Two meta-analyses were performed to compare the safety and efficacy of short- and long-course antibiotic therapy in CAP (≤ 7 d vs > 7 d, respectively).^8,9 Both meta-analyses found no difference in efficacy or safety between shorter and longer courses of antibiotics for CAP. Secondary outcomes noted a trend toward decreased antibiotic-associated adverse events with shorter courses of therapy.^8,9

However, there are limitations to broad implementation. Studies included in these analyses utilized a variety of antibiotic treatment regimens and longer courses (7 d vs 5 d) that are not recommended by the IDSA/ATS guidelines. Additionally, studies included both inpatient and outpatient treatment groups, so findings may not apply to an exclusively inpatient CAP population.^8,9

This study sought to validate the IDSA/ATS guidelines recommending a five-day course of antibiotics for hospitalized patients with CAP.¹

STUDY SUMMARY

No differences in clinical outcomes

This multicenter, double-blind, noninferiority randomized trial compared short-term antibiotic treatment duration (5 d) to physician-discretion antibiotic treatment duration among 312 patients (ages 18 and older) admitted for CAP to one of four teaching hospitals in Spain.¹ Pneumonia was diagnosed on chest radiograph with at least one symptom: cough, fever, dyspnea, or chest pain. Patients were excluded if, among other things, they had an immunocompromising condition, lived in a nursing home, had a recent hospital stay, used antibiotics within the previous 30 days, or had an uncommon pathogen, such as Pseudomonas aeruginosa or Staphylococcus aureus.¹

After receiving a minimum of five days of antibiotics, patients were randomly assigned to an intervention group (where, if clinically stable, no further antibiotics were given) or a control group (where physicians determined antibiotic duration).¹

Primary outcomes were clinical success rate at days 10 and 30 from admission (defined as resolution of signs and symptoms of CAP without further antibiotics) and improvement of CAP-related symptoms (as determined by an 18-item questionnaire scored 0-90, with higher scores indicative of greater severity). Secondary outcomes included duration of antibiotic use, time to clinical improvement, mortality, hospital readmission, hospital length of stay, and CAP recurrence.¹

Of the 312 participants, 162 were randomized to the intervention group and 150 to the control group. Mean age of patients in the intervention and control groups was 66.2 and 64.7, respectively. Other baseline demographics were similar between the groups. Nearly 80% of patients received quinolone treatment; < 10% received a ß-lactam plus a macrolide.¹

Clinical success rates were similar for the control and intervention groups at day 10 (49% vs 56%, respectively) and day 30 (89% vs 92%). Median antibiotic treatment duration was shorter in the intervention group than in the control group (5 d vs 10 d); the intervention group also had a lower rate of 30-day hospital readmissions (1.4% vs 6.6%). There were no differences for other secondary outcomes.¹

WHAT’S NEW

Clinical support for 2007 guidelines

This is the first study to clinically support the IDSA/ATS guidelines, which state that a five-day course of antibiotic therapy for hospitalized adults with CAP is effective and without increased risk for adverse events.

CAVEATS

Generalizability is unclear

This study focused on antibiotic duration for the treatment of CAP in hospitalized patients and mainly used quinolone antibiotics. It remains unclear if duration of therapy is as effective in the outpatient setting or when using alternative antibiotic regimens.

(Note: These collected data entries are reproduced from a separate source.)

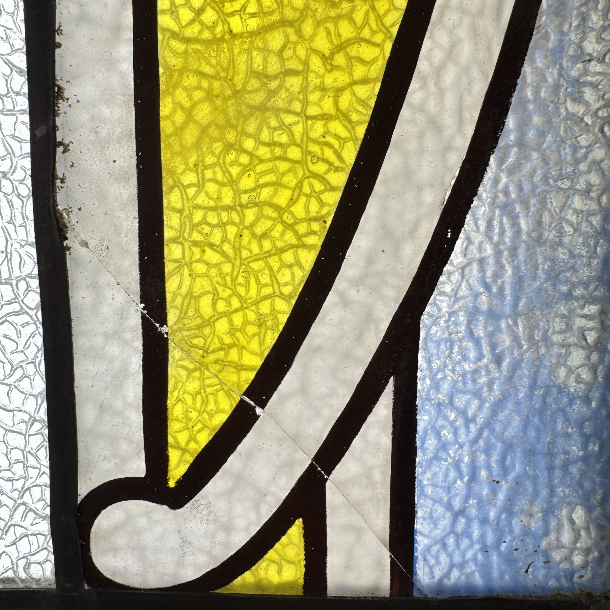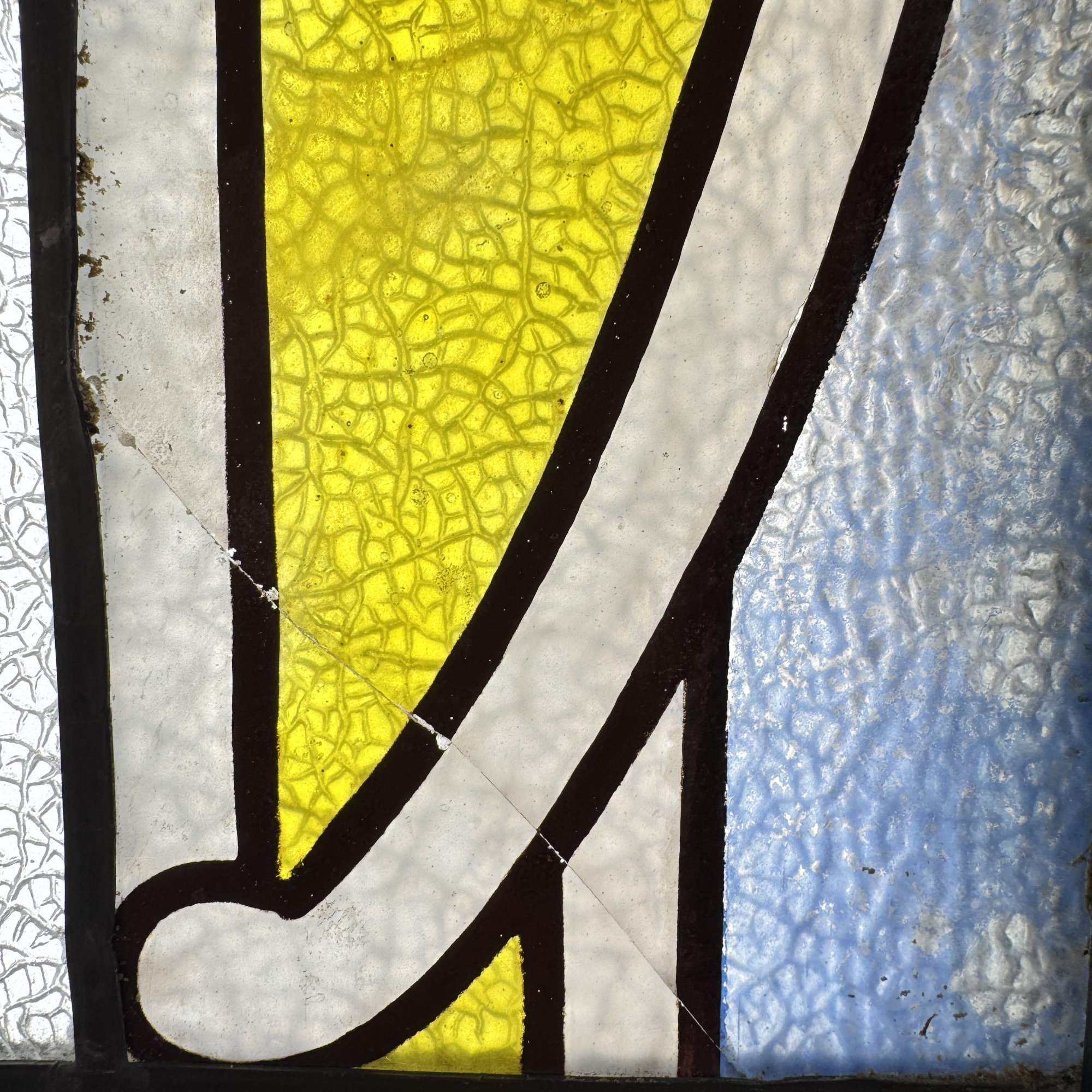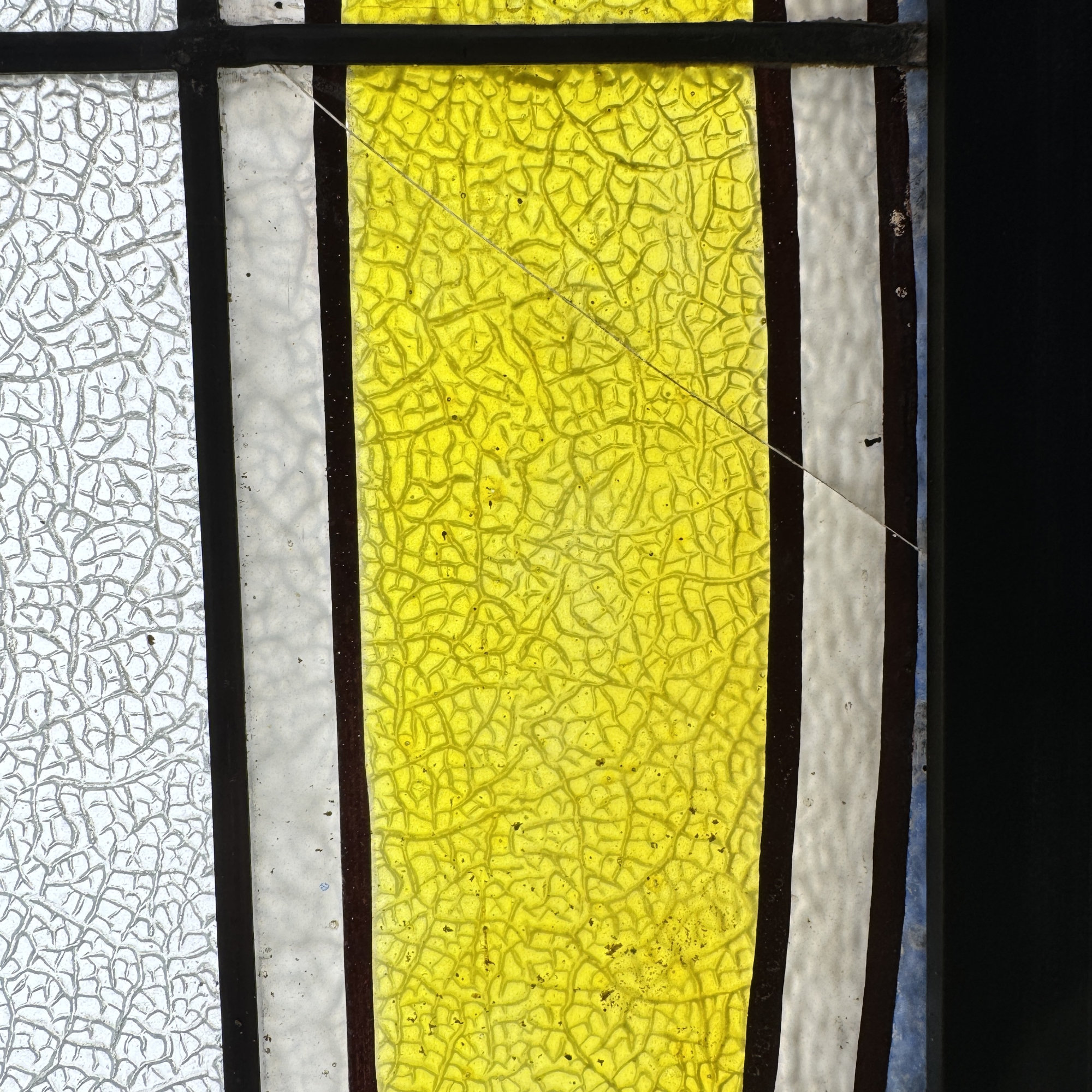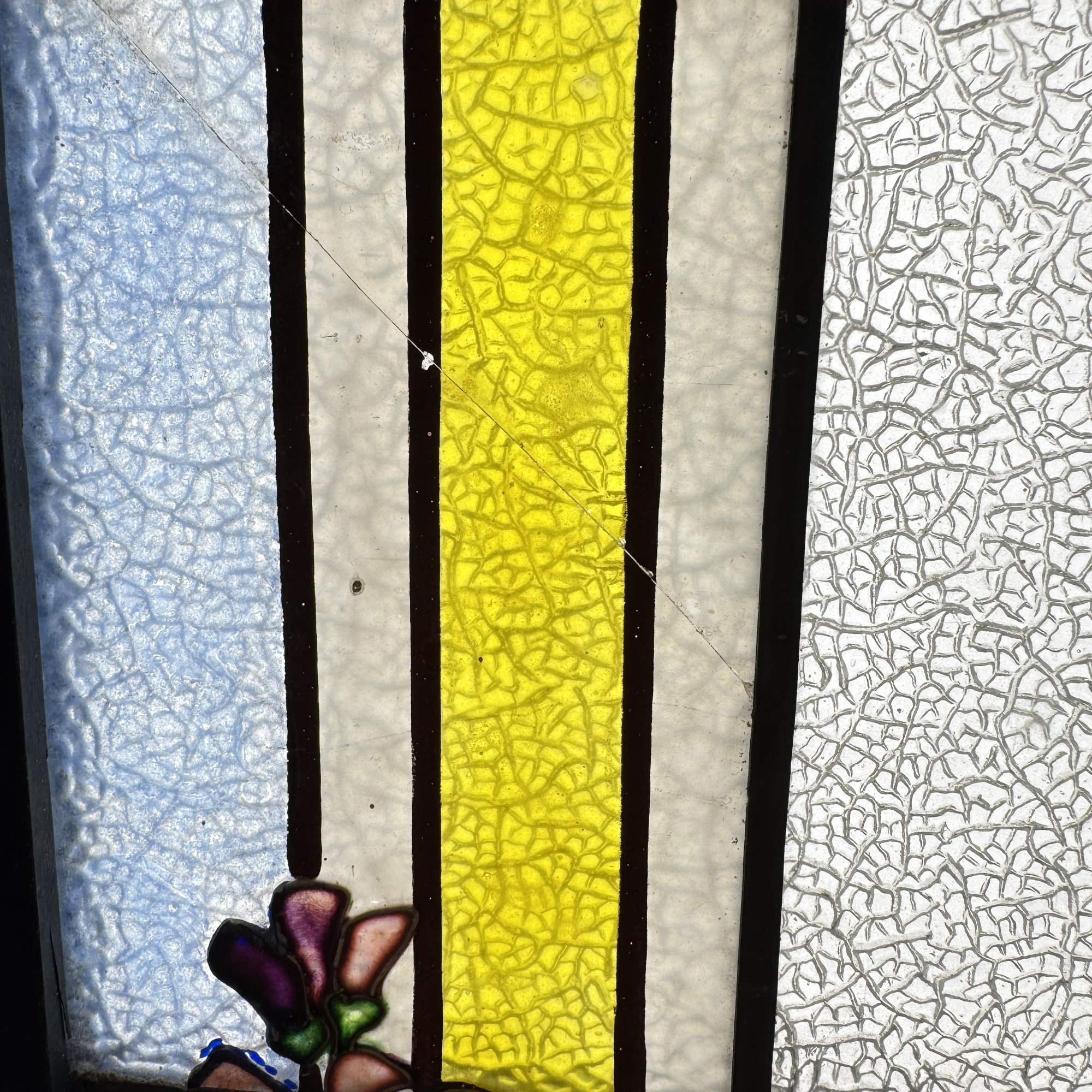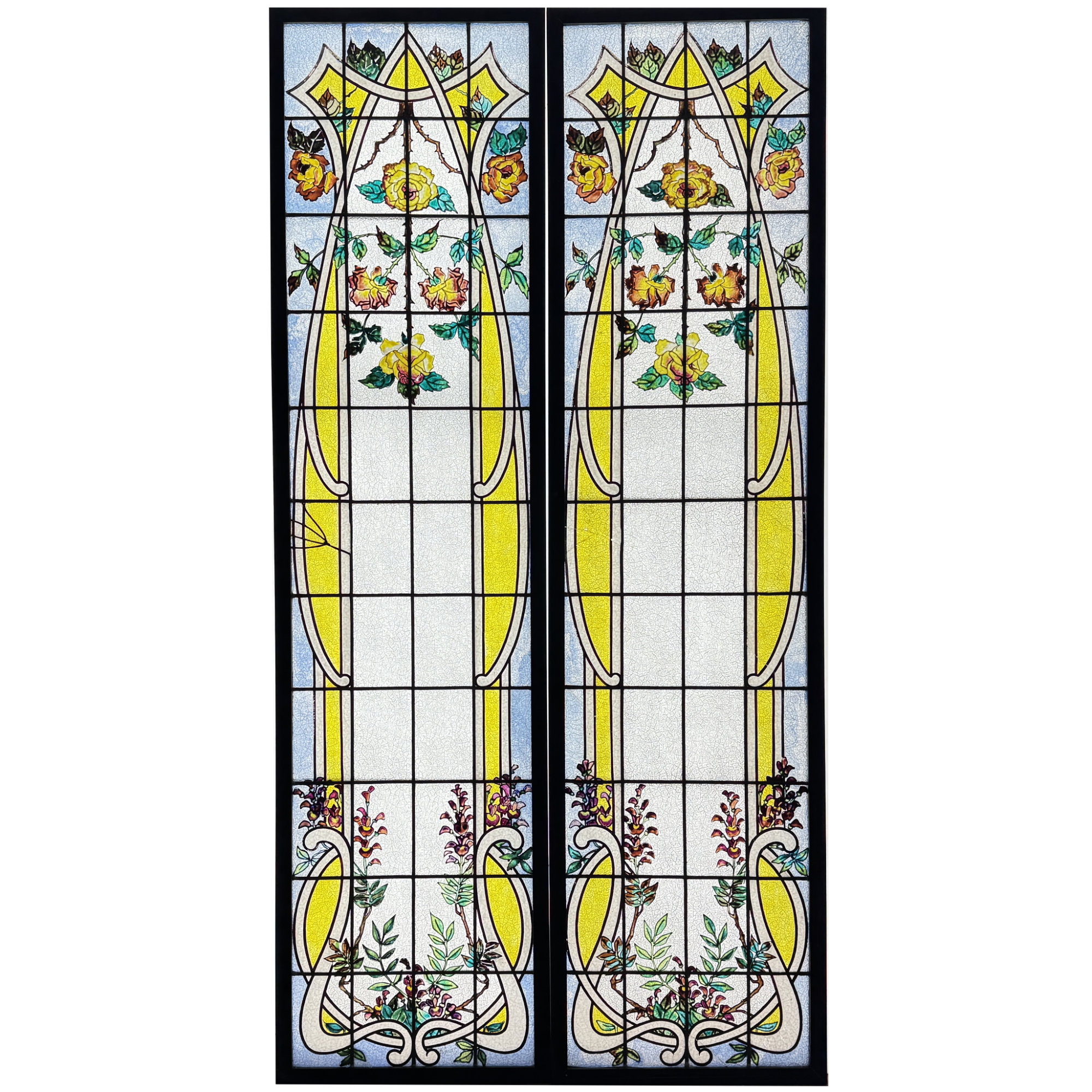 Paire de vitraux Art Nouveau aux arabesques dans les tons jaune. Dans la partie supérieure des roses, dans la partie inférieure des lupins. Technique d’émaux cloisonnés. Châssis en bois.
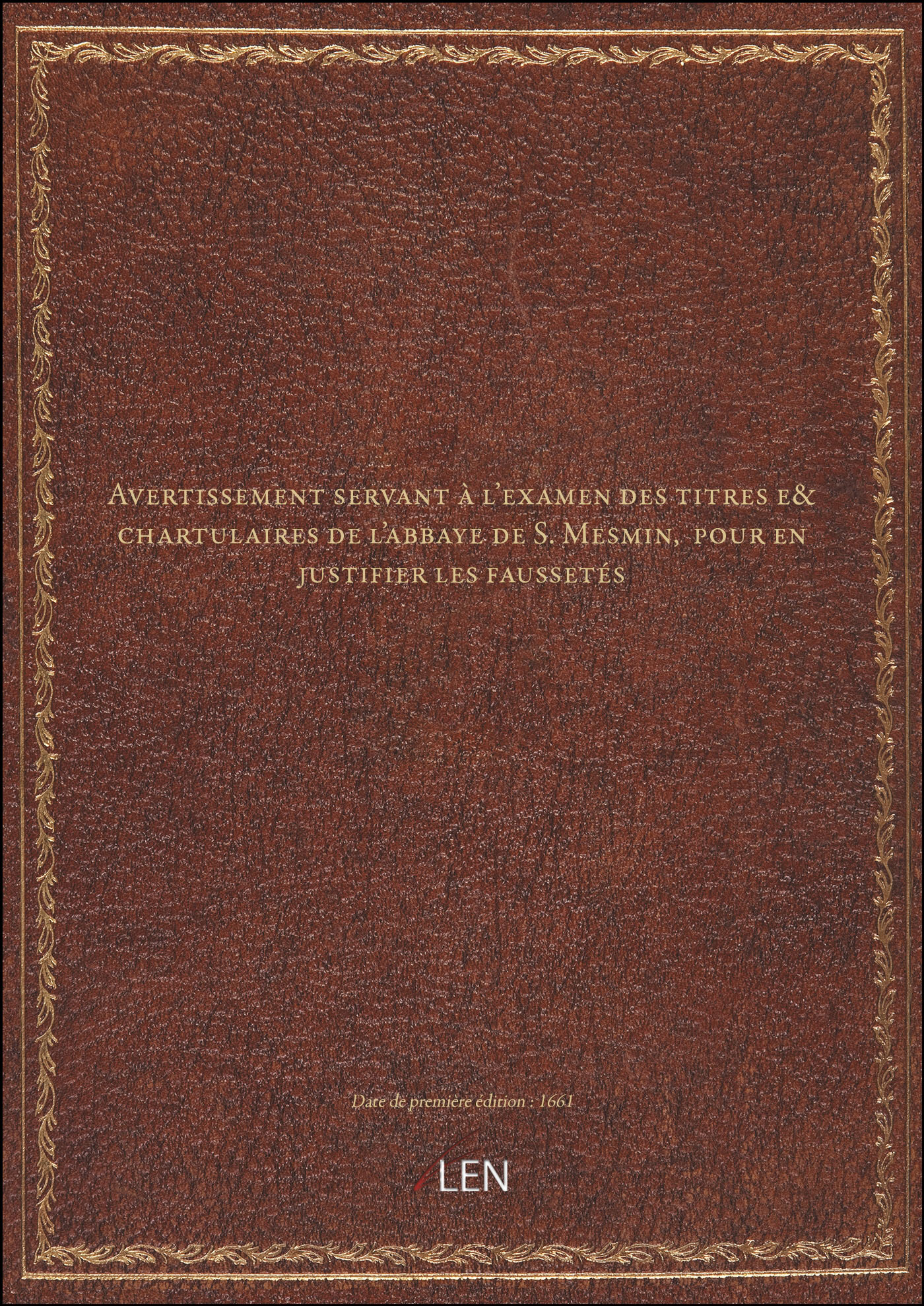 Titre complet : Avertissement servant à l'examen des titres e& chartulaires de l'abbaye de S. Mesmin, pour en justifier les faussetés
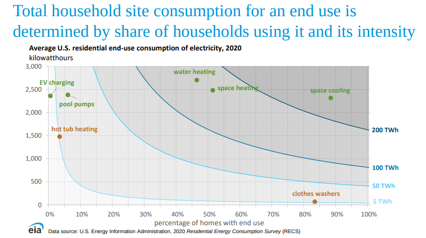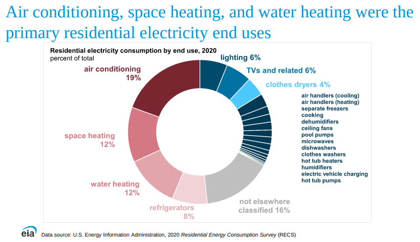 She dives into data from the Residential Energy Consumption Survey (RECS) conducted by the Energy Information Administration (EIA) in 2020 and finds that the majority of electricity usage is about either heating or cooling: space heating, air conditioning, water heating, (de)humidifiers and refrigeration.
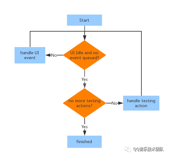 本文开头提到Espresso其中一个特点,无需主动写Sleep等待UI事件的执行和UI的绘制。原因是,Espresso的用例运行过程是只有当UI线程IDLE和UI队列没有需要执行的事件时,Espresso的测试代码才会被执行。使用方无需写Sleep逻辑等待UI绘制完成。以下是Espresso测试用例执行简易的流程图,帮助理解:

If patients continued to have symptoms (eg, fever or low oxygen saturation on room air) after five days of antibiotics, treatment was continued in the study. Thus, patients in real life who continue to have symptoms may need individualized therapy and may require more than five days of antibiotics.

CHALLENGES TO IMPLEMENTATION

Antibiotics end before clinical improvement

In this study, it took an average of 12 days in both groups for patients to achieve clinical improvement, and upwards of 15 to 18 days for patients to return to normal activity. Patients and providers may be dissatisfied if the treatment course ends days before clinical improvement of symptoms. This may cause prescribers to lengthen the duration of antibiotic therapy inappropriately.

ACKNOWLEDGEMENT

The PURLs Surveillance System was supported in part by Grant Number UL1RR024999 from the National Center For Research Resources, a Clinical Translational Science Award to the University of Chicago. The content is solely the responsibility of the authors and does not necessarily represent the official views of the National Center For Research Resources or the National Institutes of Health.

Copyright © 2017. The Family Physicians Inquiries Network. All rights reserved.

Reprinted with permission from the Family Physicians Inquiries Network and The Journal of Family Practice (2017; 66[10]:629-631).

A 65-year-old woman is admitted to your inpatient service from the family health center. She is diagnosed with community-acquired pneumonia (CAP) based on a five-day history of cough and fever and a positive chest x-ray. She now requires oxygen at rest. She has a history of hypertension and diabetes, both of which have been controlled by oral medications. Antibiotic therapy is initiated—but what treatment duration is ideal?

The World Health Organization estimates that pneumonia is the third most common cause of mortality worldwide, causing 3.2 million deaths per year.² Appropriate prescribing of antibiotics is critical for successful treatment of CAP.

In 2007, the Infectious Diseases Society of America (IDSA) and the American Thoracic Society (ATS) created consensus guidelines for the treatment of CAP.³ These guidelines recommend a minimum five-day course of antibiotics if the patient is clinically stable (defined as afebrile for 48 h; heart rate ≤ 100 beats/min; respiratory rate ≤ 24 breaths/min^-1; systolic blood pressure ≥ 90 mm Hg; oxygen saturation ≥ 90%; normal mental status; and able to tolerate oral intake). Longer antibiotic treatment durations are recommended on an individualized basis (eg, if the isolated pathogen is not susceptible to the initial antibiotic or if the infection was caused by an extrapulmonary source).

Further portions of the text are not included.